══ LISTED ENTRIES ══

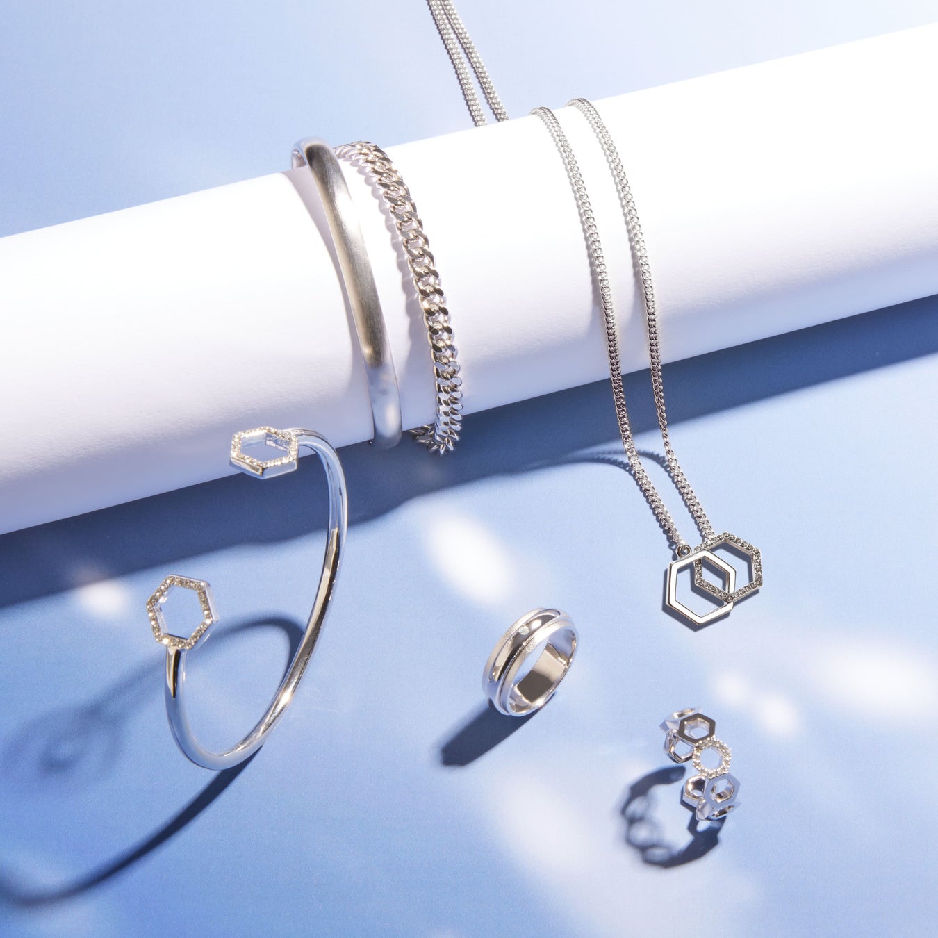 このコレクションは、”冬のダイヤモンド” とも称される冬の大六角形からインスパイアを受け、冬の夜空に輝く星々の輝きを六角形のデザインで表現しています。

═══
══ LISTED ENTRIES ══

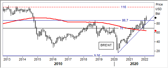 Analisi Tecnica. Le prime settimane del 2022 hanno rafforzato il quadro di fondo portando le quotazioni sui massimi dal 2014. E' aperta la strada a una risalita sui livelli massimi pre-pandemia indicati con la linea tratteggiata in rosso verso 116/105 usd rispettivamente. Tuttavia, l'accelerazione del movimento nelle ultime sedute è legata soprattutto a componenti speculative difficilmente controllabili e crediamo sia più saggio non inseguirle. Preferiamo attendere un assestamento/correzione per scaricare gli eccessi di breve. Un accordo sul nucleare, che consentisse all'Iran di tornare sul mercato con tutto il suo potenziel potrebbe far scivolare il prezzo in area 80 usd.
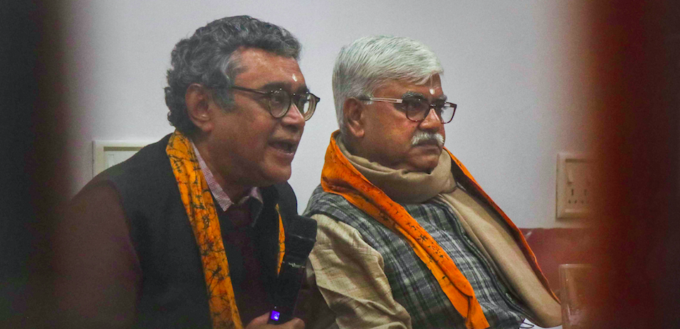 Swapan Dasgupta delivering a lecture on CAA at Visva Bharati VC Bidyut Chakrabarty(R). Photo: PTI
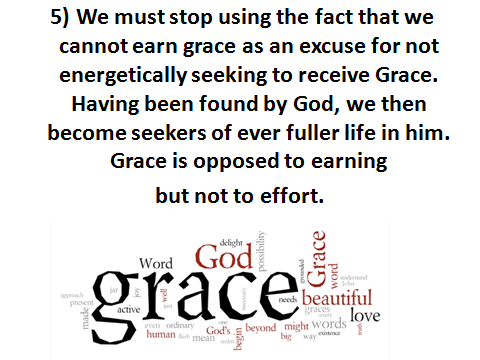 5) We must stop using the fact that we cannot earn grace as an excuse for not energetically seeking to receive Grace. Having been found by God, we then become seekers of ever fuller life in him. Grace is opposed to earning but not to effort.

═══
══ LISTED ENTRIES ══

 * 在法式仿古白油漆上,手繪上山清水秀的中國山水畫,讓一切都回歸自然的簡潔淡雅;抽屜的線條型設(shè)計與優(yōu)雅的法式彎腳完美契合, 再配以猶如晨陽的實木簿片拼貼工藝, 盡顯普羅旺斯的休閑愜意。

═══

TRY IT:
When copying from the data above, print only the lines from the line containing "Analisi Tecnica. Le" to the line containing "5) We must stop", exactly, and leave the pictures out.

TASK RESULT:
 Analisi Tecnica. Le prime settimane del 2022 hanno rafforzato il quadro di fondo portando le quotazioni sui massimi dal 2014. E' aperta la strada a una risalita sui livelli massimi pre-pandemia indicati con la linea tratteggiata in rosso verso 116/105 usd rispettivamente. Tuttavia, l'accelerazione del movimento nelle ultime sedute è legata soprattutto a componenti speculative difficilmente controllabili e crediamo sia più saggio non inseguirle. Preferiamo attendere un assestamento/correzione per scaricare gli eccessi di breve. Un accordo sul nucleare, che consentisse all'Iran di tornare sul mercato con tutto il suo potenziel potrebbe far scivolare il prezzo in area 80 usd.
 Swapan Dasgupta delivering a lecture on CAA at Visva Bharati VC Bidyut Chakrabarty(R). Photo: PTI
 5) We must stop using the fact that we cannot earn grace as an excuse for not energetically seeking to receive Grace. Having been found by God, we then become seekers of ever fuller life in him. Grace is opposed to earning but not to effort.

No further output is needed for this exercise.